HenningHolmDE commented 2 weeks ago

If the incoming bytes are guaranteed to be valid UTF-8 and we want to skip checking, using unsafe { String::from_utf8_unchecked(value) }; would probably be the correct way to do this. However, I don't think we can really assume only ever getting valid UTF-8 for every case out there in the wild. Or does your experience about existing implementations say otherwise?

In my point of view, storing values as raw &[u8] would basically mean "we have some bytes here but we neither trust them to be valid UTF-8 nor are we willing to check that". This would make sense to me, if UTF-8 is not guaranteed (we should probably introduce/use a different type than "a bunch of bytes") or if converting to String afterwards is something that happens not so often, so it would make more sense to do the UTF-8 checking there. But is "give me a string/str" not the common way of using the types?

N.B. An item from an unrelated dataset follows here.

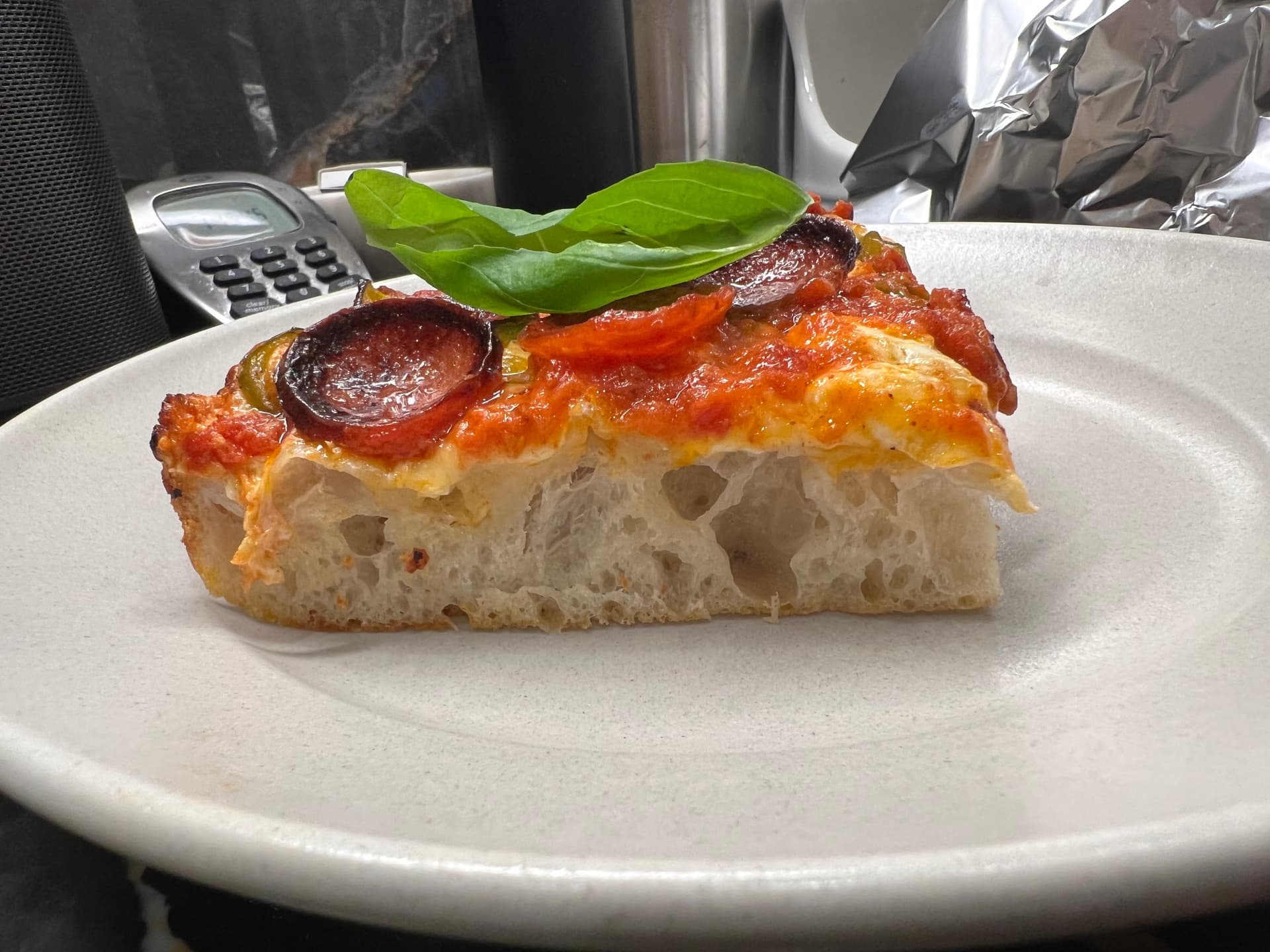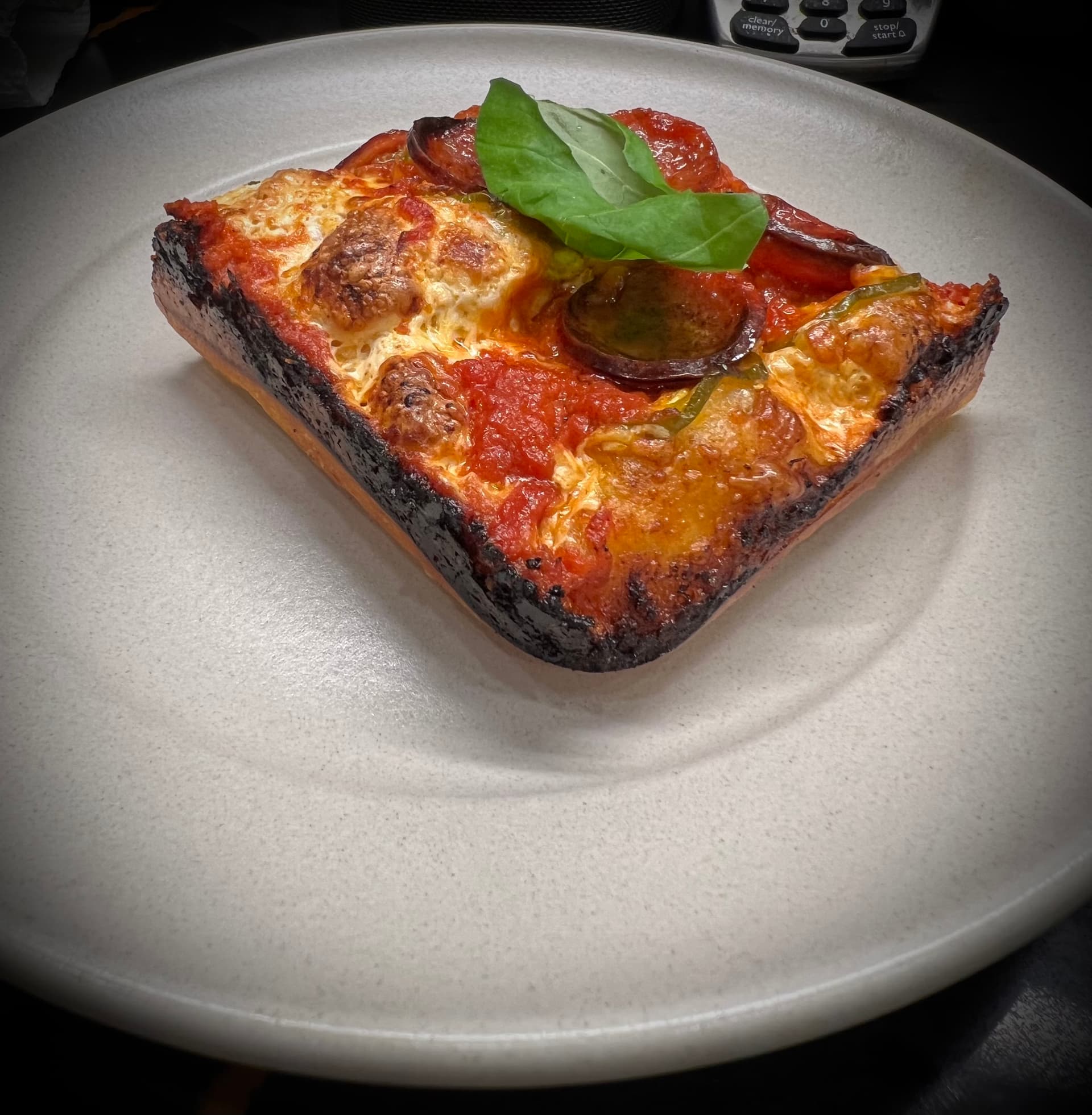 Detroit style pizza with vodka sauce, mozzarella, muenster, jalapenos, natural casing pepperoni… basil.
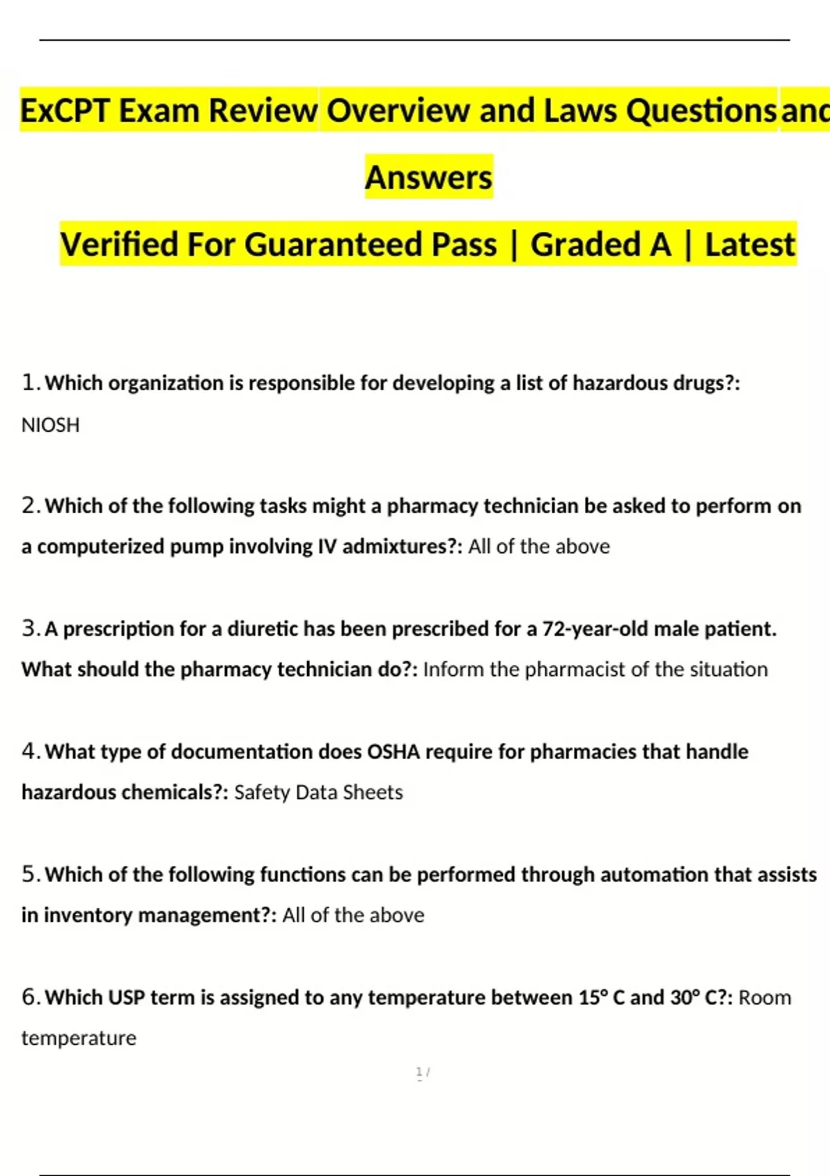 Verified For Guaranteed Pass | Graded A | Latest 1.Which organization is responsible for developing a list of hazardous drugs?: NIOSH

jakoschiko commented 2 weeks ago

My understanding:

Self::validate(value)? checks if bytes are valid IMAP
Valid IMAP is a subset of valid UTF-8

But is "give me a string/str" not the common way of using the types?

I think the common way is to use the Encoder to convert the types into human-readable text.

duesee commented 2 weeks ago

To recap what we discussed in person: I'm rather sure that all str types in imap-types are guaranteed to be UTF-8. If not, this would be a bug. In the above definition it must be CHAR instead of CHAR8. Note: Some ABNF rules come from the ABNF definition itself. These are called "ABNF core rules" and assumed to always be available.

Regarding unsafe: There was a time in imap-types and -codec where we used from_utf8_unsafe. But, in the end, it was more important for me to #[deny(unsafe)]. I'm open to reconsider, and a benchmark would be a great motivation :-)

Generally speaking, I think that having strings instead of bytes is more convinient. So, this is why I decided to use str when possible. An alternative would be bstr. I think for Tag, Atom, etc. str is fine. But Literal would be a good candidate for bstr.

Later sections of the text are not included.